Work task: Repeat, exactly and with no pictures, the lines that run from the beginning of the entries through the line containing "From left to".

Records drawn from a dataset:
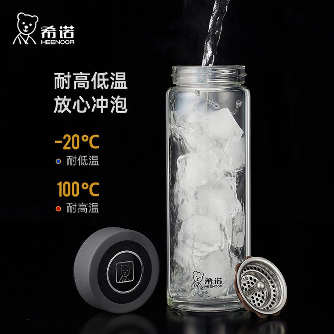 希诺 玻璃杯男女士单层加厚玻璃杯大容量茶杯家用带滤网 650ml XN-6089
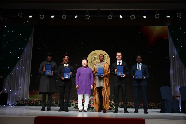 From left to right (H.E. Goodluck Jonathan, Dr. Samuel Radebe, Dr. Hak Ja Han Moon, Dr. Wanjira Mathai, Mr. Hugh Evans, Dr. Patrick Awuah, Jr)
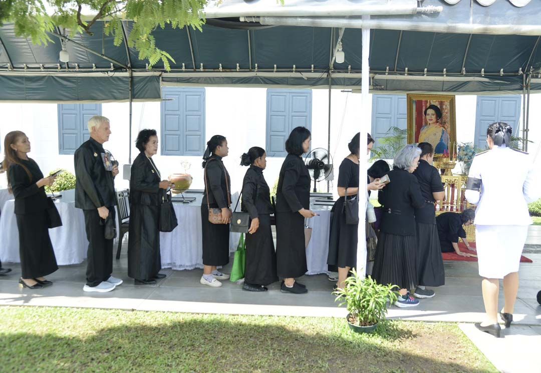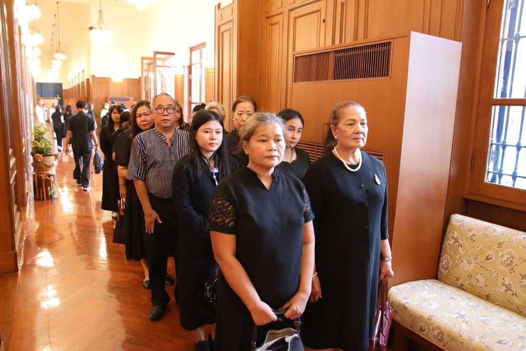 เมื่อวันที่ 2 พฤศจิกายน 2568 ที่ศาลาสหทัยสมาคมฯ และเต็นท์สนามหญ้าข้างอาคารลูกขุนใน พระบรมมหาราชวัง ตลอดทั้งวัน ได้มี สมาชิกราชสกุล พสกนิกรทุกหมู่เหล่าจากทั่วสารทิศทั้งชาวไทยและชาวต่างชาติจำนวนมาก่างแต่งกายไว้ทุกข์เดินทางมาถวายสักการะพระบรมศพ พร้อมลงนามถวายความอาลัยในสมุดหลวง เบื้องหน้าพระฉายาลักษณ์ สมเด็จพระนางเจ้าสิริกิติ์ พระบรมราชินีนาถ พระบรมราชชนนีพันปีหลวง อย่างต่อเนื่องด้วยความอาลัยและซาบซึ้งในพระมหากรุณาธิคุณ
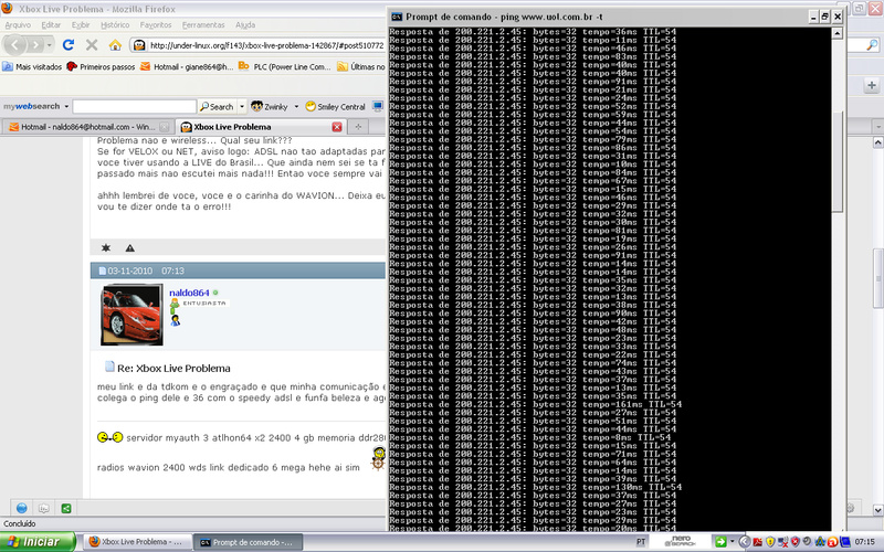 Se for VELOX ou NET, aviso logo: ADSL nao tao adaptadas para o LIVE, pois o mesmo e no EUA!!! So se voce tiver usando a LIVE do Brasil... Que ainda nem sei se ta funcionando!!! Era para ser lançada mes passado mais nao escutei mais nada!!! Entao voce sempre vai ter LAG, pois os servidores sao no EUA!!!
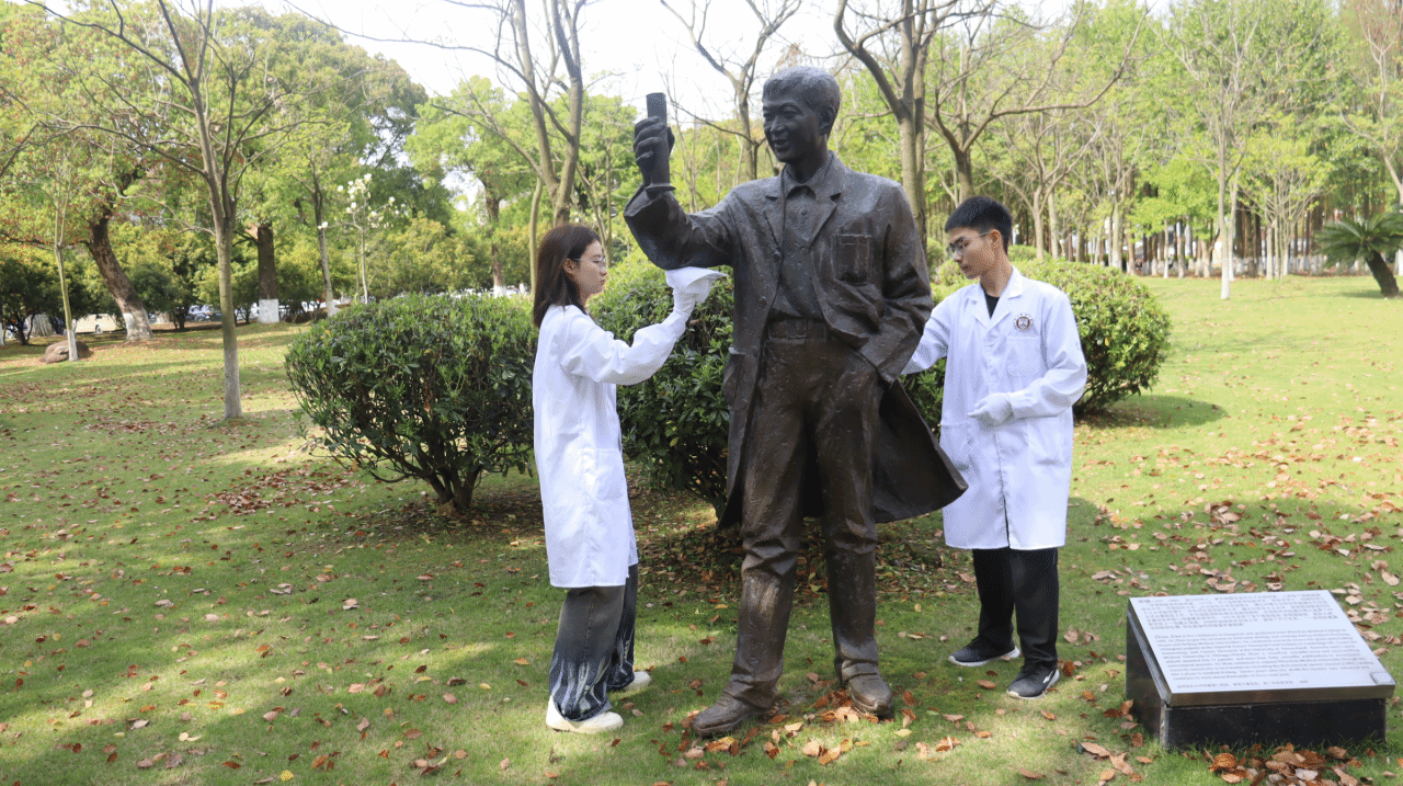 师生在茶山校区周健博士铜像前举行“敬仰 追思”活动。NT动漫

Solution:
 希诺 玻璃杯男女士单层加厚玻璃杯大容量茶杯家用带滤网 650ml XN-6089
 From left to right (H.E. Goodluck Jonathan, Dr. Samuel Radebe, Dr. Hak Ja Han Moon, Dr. Wanjira Mathai, Mr. Hugh Evans, Dr. Patrick Awuah, Jr)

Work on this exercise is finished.